一提起这件事,乌潮崖面上的不羁消失得一干二净,取而代之的是慌张,小心翼翼地观察了一眼容嫣的脸色。
  他走过去拉了容峥鸣起身,自己坐到椅子上,隔着茶案,凑近一张异域风情深邃精致的脸,可怜兮兮地对容嫣说:“姐姐,苗疆那边已经收到了我的传信,你放心,他们早就将初婵的生母供起来了,等回去后我也会对初婵的生母下跪认错,任她处罚,所以……”
  所以你别讨厌我了。
  乌潮崖无论如何都没想到自己会喜欢上容嫣,在此刻那么卑微地请求容嫣的原谅,想让容嫣也喜欢他。
  如果可以重来一次,他无论如何都不会跟萧南惜合作,为了引容嫣去苗疆,而对初婵和其生母下手。
  他现在只乞求着容嫣既然跟赫连祁决裂了,没那么在乎初婵和其生母,他在容嫣面前就没那么大的不可原谅的罪了。
  只要容嫣不厌恶他了,那肯定会很快喜欢上他的,嗯,他确信。
  乌潮涯越想越开心,仿佛已经看到他和容嫣的孩子满地跑的画面了。
  他跟个小狼崽似的抱住容嫣的手腕,用脸蹭着容嫣,眯起眼的样子乖顺得惹人疼爱。
  容嫣的手顺着乌潮涯的脸往上抚摸,那眼里是带着笑的,轻轻地说了一字滚,下一秒,手指就精准地戳向乌潮涯的双眼。
  “啊啊啊啊。”乌潮涯疼得惨叫,站起来捂着眼,指着容嫣点了点,你你你,想控诉两句,却又不舍得,最终鼓起脸颊,气成了河豚,哼!
  容嫣面无表情,垂眸用手帕擦着手,“下次再敢对我动手动脚,戳瞎你的眼。”
  乌潮涯哼了一声,“下次还敢,姐姐只要给我蹭蹭,我自己可以挖了双眼。”
  蹭蹭,容嫣没多想,乌潮涯却悄然红了耳根,好想蹭蹭姐姐啊。
  哪怕不进去,让他蹭蹭,他付出双目失明的代价都值得。
  容峥鸣一条胳膊里还抱着安平,另一手横起绣春刀,就把乌潮涯击出窗外。
  随着“砰”乌潮涯摔到地上的声响,容峥鸣上一秒还是肃杀凛冽的,下一秒看向容嫣时,目光变得极为温情,用磁性的嗓音低声柔语,“阿姐只管考虑自己,不要总是想着别人了,若是乌潮涯再威胁你,让你去苗疆,我就杀了他。”
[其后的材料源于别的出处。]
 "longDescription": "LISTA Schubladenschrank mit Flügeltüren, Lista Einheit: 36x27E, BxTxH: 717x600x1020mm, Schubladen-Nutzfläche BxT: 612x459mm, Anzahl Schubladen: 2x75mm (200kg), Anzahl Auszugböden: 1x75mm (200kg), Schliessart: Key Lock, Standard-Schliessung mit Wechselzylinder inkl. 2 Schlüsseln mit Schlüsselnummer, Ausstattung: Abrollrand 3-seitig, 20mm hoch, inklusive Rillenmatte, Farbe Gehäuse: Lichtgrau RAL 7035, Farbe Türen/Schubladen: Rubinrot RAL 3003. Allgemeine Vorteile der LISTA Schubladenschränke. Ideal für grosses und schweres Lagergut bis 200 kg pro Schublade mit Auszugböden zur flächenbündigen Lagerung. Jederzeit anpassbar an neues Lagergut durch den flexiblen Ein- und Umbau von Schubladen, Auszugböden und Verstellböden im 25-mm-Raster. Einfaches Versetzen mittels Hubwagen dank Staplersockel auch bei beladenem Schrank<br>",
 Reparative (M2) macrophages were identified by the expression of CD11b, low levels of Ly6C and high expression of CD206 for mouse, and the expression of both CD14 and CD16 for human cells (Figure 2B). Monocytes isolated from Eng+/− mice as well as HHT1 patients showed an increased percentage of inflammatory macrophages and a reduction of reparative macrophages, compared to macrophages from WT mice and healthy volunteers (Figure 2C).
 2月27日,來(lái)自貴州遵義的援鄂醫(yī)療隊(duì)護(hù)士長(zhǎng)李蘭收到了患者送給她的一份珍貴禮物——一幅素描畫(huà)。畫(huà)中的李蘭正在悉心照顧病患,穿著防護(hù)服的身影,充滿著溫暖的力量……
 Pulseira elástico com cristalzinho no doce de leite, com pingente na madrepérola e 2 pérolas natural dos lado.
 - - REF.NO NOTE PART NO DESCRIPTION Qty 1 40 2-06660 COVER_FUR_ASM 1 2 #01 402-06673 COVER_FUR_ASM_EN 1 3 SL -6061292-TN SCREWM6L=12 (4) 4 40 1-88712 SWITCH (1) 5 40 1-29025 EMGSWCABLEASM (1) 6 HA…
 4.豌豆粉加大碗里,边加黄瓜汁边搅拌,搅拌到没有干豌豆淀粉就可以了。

  阿姐身中奇毒,只剩下两年寿命了,不知道还能不能解,他希望阿姐能在这两年里开心快乐,为了自己而活。
  可,他也知道这是他的奢望。
  阿姐背负了太多,一旦退后一步,稍微松懈了,赔上的就是她和其背后每个追随者的满门。
  他多想替阿姐承担啊。
  容嫣脸色静默,看了一眼垂眸不语的月鸢,她当然知道自己的弟弟喜欢月鸢。
  恐怕弟弟还不知道月鸢是引她去苗疆的幕后主使,月鸢对他们没有恶意,她便不让弟弟知道了,否则,弟弟只会为难痛苦。
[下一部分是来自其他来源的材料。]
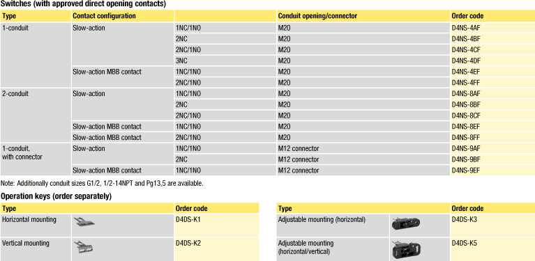 На додаток до колишніх комбінацій контактів - 1НЗ / 1НР І 2НЗ, до складу серії D4NS увійшли трьохконтактні моделі з комбінаціями контактів 2НЗ / 1НЗ І 3НЗ. Також передбачені моделі з роз'ємом M12 і моделі з отворами (включаючи M20) для введення кабелю.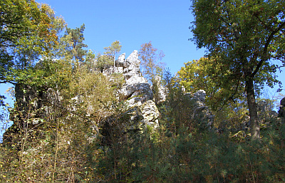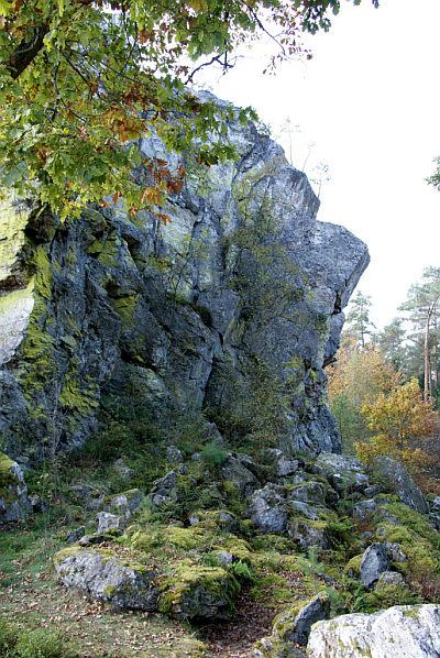 Ausgedehntes Felsmassiv inmitten eines märchenhaften Eichenwaldes. Der Quarzitwacken ist einer der schönsten seiner Art im Hunsrück. Vor rund 200 Jahren soll hier Schinderhannes in einer seitlichen Nischenhöhle genächtigt haben. [1]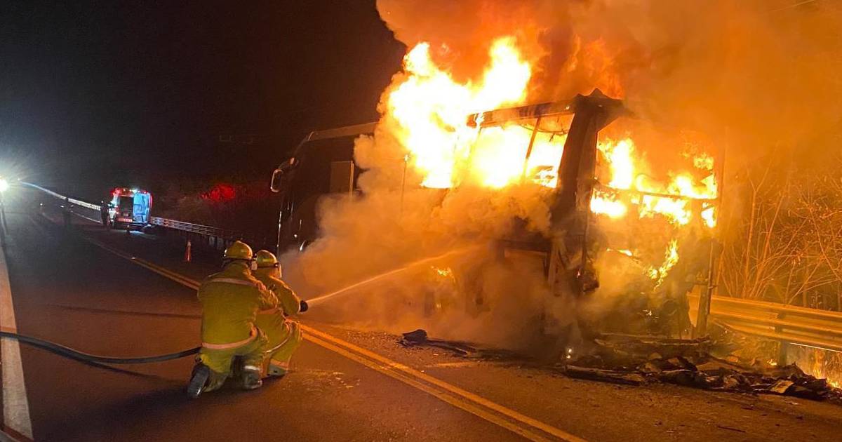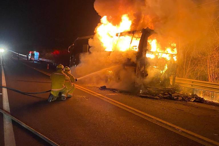 Un autobús se incendió en la Autopista Mazatlán-Durango, antes de llegar a la caseta de cobro de Mesillas por la noche del viernes; el hecho obligó a cerrar la carretera cerca de 8 horas.

  他太爱她这个阿姐了,要是知道了月鸢的算计,他再痛也会放下月鸢,选择维护她这个阿姐。
  “阿姐不用在意我。”容峥鸣担心容嫣会为了成全他和月鸢,而委屈她自己选择去苗疆,他摇了摇头,泛红的目光里是坚定,“我永远都追随着阿姐。”
  阿姐要是不去苗疆,他也不会去了,哪怕就此跟月鸢分开,两人再也没有相见,在一起的可能。
  在他的爱情和阿姐两者间,他的选择是阿姐。
  “我没有忘记答应苗疆少主的条件。”容嫣也没说去苗疆救不救初婵的生母,但苗疆是一定要去的。
  一是因为不管任何时候,她都不希望容峥鸣为了她这个阿姐,放弃自己心仪的女孩和终身的幸福。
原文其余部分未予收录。